Sorry for being brief - my teacher taught me this method to quicken the somewhat laborious process of factorising polynomials :/

 

[QZP]

I don't like how you have +-sqrt 5 as zeros to consider, because that thereom only applies to integer zeros (if I recall correctly) - it feels like you only listed it because you saw the answer. For safety just expand the polynomial and factorise (x+2). Doesn't take that long anyway

 

[lpodtouch]

I don't like how you have +-sqrt 5 as zeros to consider, because that thereom only applies to integer zeros (if I recall correctly) - it feels like you only listed it because you saw the answer. For safety just expand the polynomial and factorise (x+2). Doesn't take that long anyway

Yeah factor theorem is applicable to integer zeroes (however upon substituting sqrt5 and -sqrt5 = 0)
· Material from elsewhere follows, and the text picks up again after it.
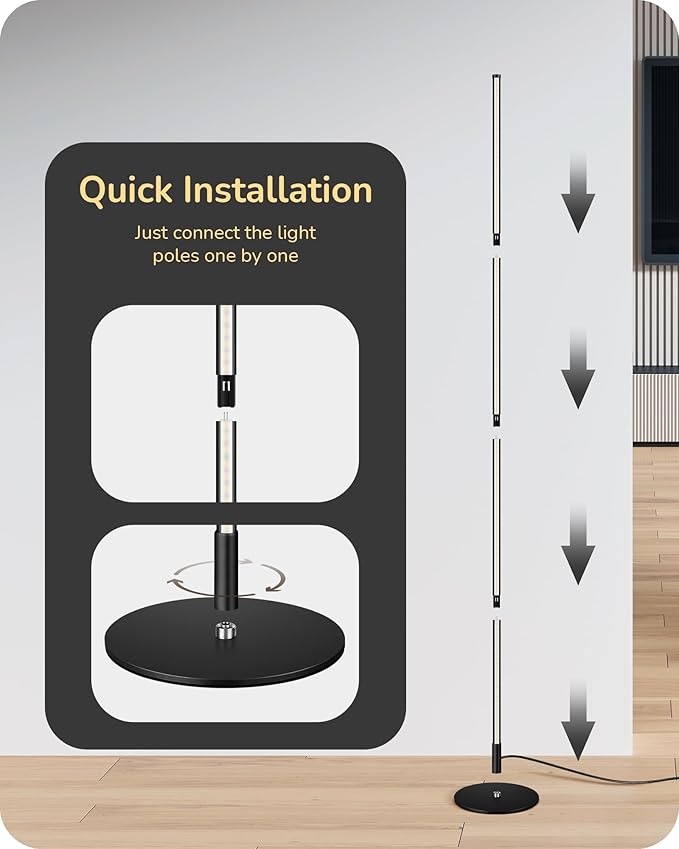 EDISHINE Corner Floor Lamp, Dimmable LED Light with Remote, 3 Color Temperature 3000K-4500K-6000K, 57.5" Modern Black LED Floor Lamp for Bedroom, Living Room, Office

It would preferable to just expand the polynomial and long divide to receive P(x) = (x+2)(x^2-5) then factorise accordingly.

 

[CanU_Not]

Another polynomial question :'(
"By solving the line y=mx+b simultaneously with the cubic y= x^3-6x^2-2x+1 and insisting that there be a triple root, find the point of inflexion of the cubic without using calculus"

Thanks in advance

 

[aDimitri]

if you doubt the +-sqrt(5) you can expand and check sum of roots (you will see it is -2) and since -2 is the known root the other roots are opposite in sign and equal in magnitude.

 

[dunjaaa]

Think about this graphically. When we find the points of intersection, we equate the y's. The new cubic polynomial formed is x^3-6x^2-(m+2)x+1-b=0. We are given that there exists a triple root. Hence, this implies that the line y=mx+b must of intersected the original polynomial at its point of inflexion via subtraction of ordinates. Thus, we must solve for x on the new cubic polynomial. Since there exists a triple root, we must transform the new cubic polynomial into the form (x+a)^3 (monic) for some real number 'a'. Expanding (x+a)^3, we obtain x^3+3ax^2+3(a^2)x+a^3. Equating the x^2 terms, we get 3a=-6, a=-2. Note: The line can also be found as well, by equating both the x and constant terms. You should get y=-14x+9. Therefore the new cubic polynomial can be transformed into (x-2)^3. This means that point of inflexion must of existed at x=2. Substituting into the original cubic to find the y-ordinate, we obtain y=-19. Therefore POI exists at (2,-19).